Briefe an Freunde, Tutujas (Norbert Schott)
Frühjahr im Dorf
Das Frühjahr war für mich in Sibirien all die Jahre ein Graus. Matsch, Dreck, Grau. Der Schnee schmilzt und der Schmutz mehrerer Monate kommt zum Vorschein. Zugleich ist es noch so kalt, dass die Bäume kahl bleiben. Selbst Schneeglöckchen und Krokusse wird man nicht finden - zu hoch liegen die Schneereste in den Grünflächen, die das Wörtchen grün auch in keiner Weise verdienen.
In unserem abgelegenen Dorf zeigt sich der sibirische Frühling von einer wesentlich schöneren Seite. Dank der prächtig scheinenden Sonne sehen wir und die Kinder aus wie nach einem Urlaub in der Südsee. So braune Gesichter assoziiert man jedenfalls nicht mit 75 cm Schnee in Sibirien. Der Schnee taut, aber gemächlich - vom Höchstwert 110 Zentimeter (zwischen 15. Februar und 7. März dreimal erreicht) ist noch immer weit über die Hälfte da. Kein Wunder, zählt man die einzelnen Schneefälle (ohne Zusammensacken, Wegfrieren und Antauen) zusammen, kommt man auf 330 Zentimeter Schnee zwischen November und April.

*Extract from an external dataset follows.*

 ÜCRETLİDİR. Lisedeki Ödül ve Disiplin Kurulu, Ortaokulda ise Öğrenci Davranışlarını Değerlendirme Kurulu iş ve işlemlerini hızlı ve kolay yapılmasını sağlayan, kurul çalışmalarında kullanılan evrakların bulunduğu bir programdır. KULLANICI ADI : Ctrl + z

Die Tagestempaturen orientieren sich am aktuellen deutschen Wetter - zwischen minus 2 und plus 10 Grad. Nachts kann es vereinzelt noch unter minus 10 Grad sein.
Selbst die Straße über den Fluss wäre noch befahrbar - wenn man sie nicht gesprengt hätte. Für diesen staatlich verordneten Vandalismus gibt es zwei Gründe. Zum einen sollen die russischen Autofahrer - welche sich bekanntlich nicht durch Vorsicht auszeichnen - von waghalsigen Überfahrten abgehalten werden. Da allein das Sprengen nicht reicht - schließlich kann man die 72 Krater auch umfahren -, muss jedoch zusätzlich noch ein Schneewall am Ufer errichtet werden. Zum anderen würde die festgefahrene und zusätzlich verstärkte Überfahrt einen Damm bilden, an dem in wenigen Wochen das Eis nicht ungestört abfließen würde - ganze Dörfer könnten so überschwemmt werden.

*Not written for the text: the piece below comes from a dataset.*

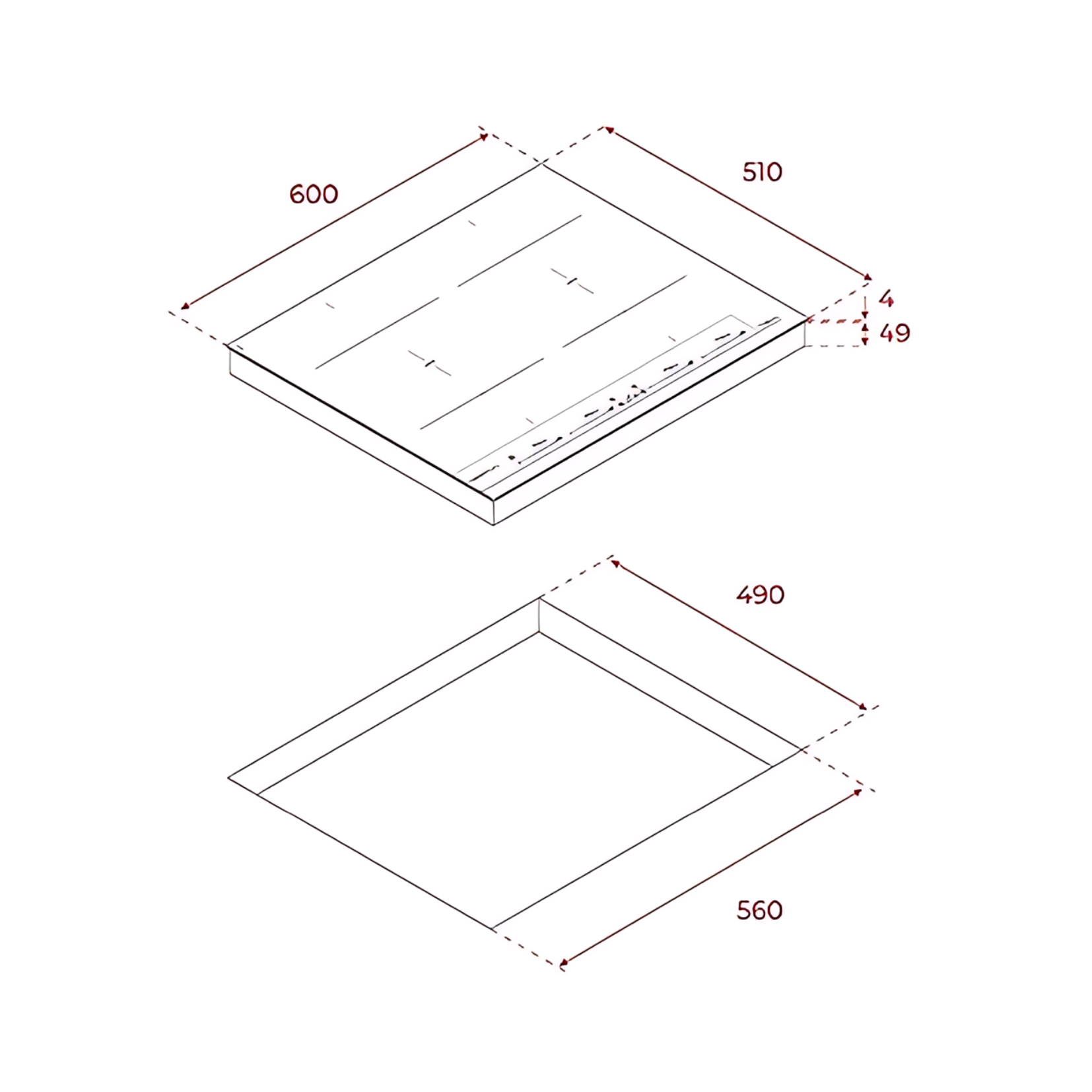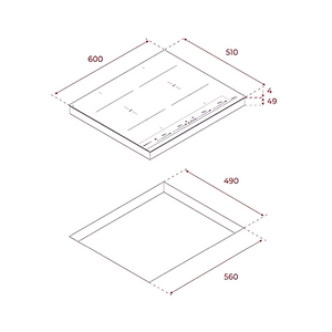 Cut-Out Dimensions (WxDxH): 560 x 490 x 49 mm

Seit der Sprengung erreicht man uns nur noch zu Fuß. Der Fußweg führt 3 Meter neben den Kratern entlang - so tragfähig ist das Eis an dieser Stelle noch immer. Jedoch ist die Straße im Dorf nur noch mit geländegängigen Fahrzeugen passierbar. Durchschnittlich zwei Autos fahren am Tag noch vorbei - meist Lada Niva oder UAZ der Dorfbewohner, um Gäste vom Fluss abzuholen. Oder um, wie morgen unser Nachbar, zum Zahnarzt zu fahren (beziehungsweise ab dem Fluss zu laufen).
Wir haben genug Vorräte bis Mai, wenn das Eis weg ist und die ersten Motorboote wieder übersetzen - und ersparen uns bis dahin Ausflüge in die Stadt.
So merken wir vom üblichen sibirischen Frühjahrsdreck überhaupt nichts - selbst die Straße ist noch immer weiß, alleinfalls einige besonders tiefe Pfützen im Schnee sind bräunlich. Die Bäume wirken in dieser weißen Pracht auch nicht grau, sondern ihre jungen Triebe schimmern rötlich. Unser Bach im Dorf bricht langsam auf - das Moos darin ist bereits grün.
Wenn ich diese Eindrücke mit dem aktuellen Wetterbericht aus Deutschland vergleiche, so revidiere ich alle meine früheren Ansichten zum sibirischen Frühling: Nein, man muss sich doch keine Dienstreise im April organisieren!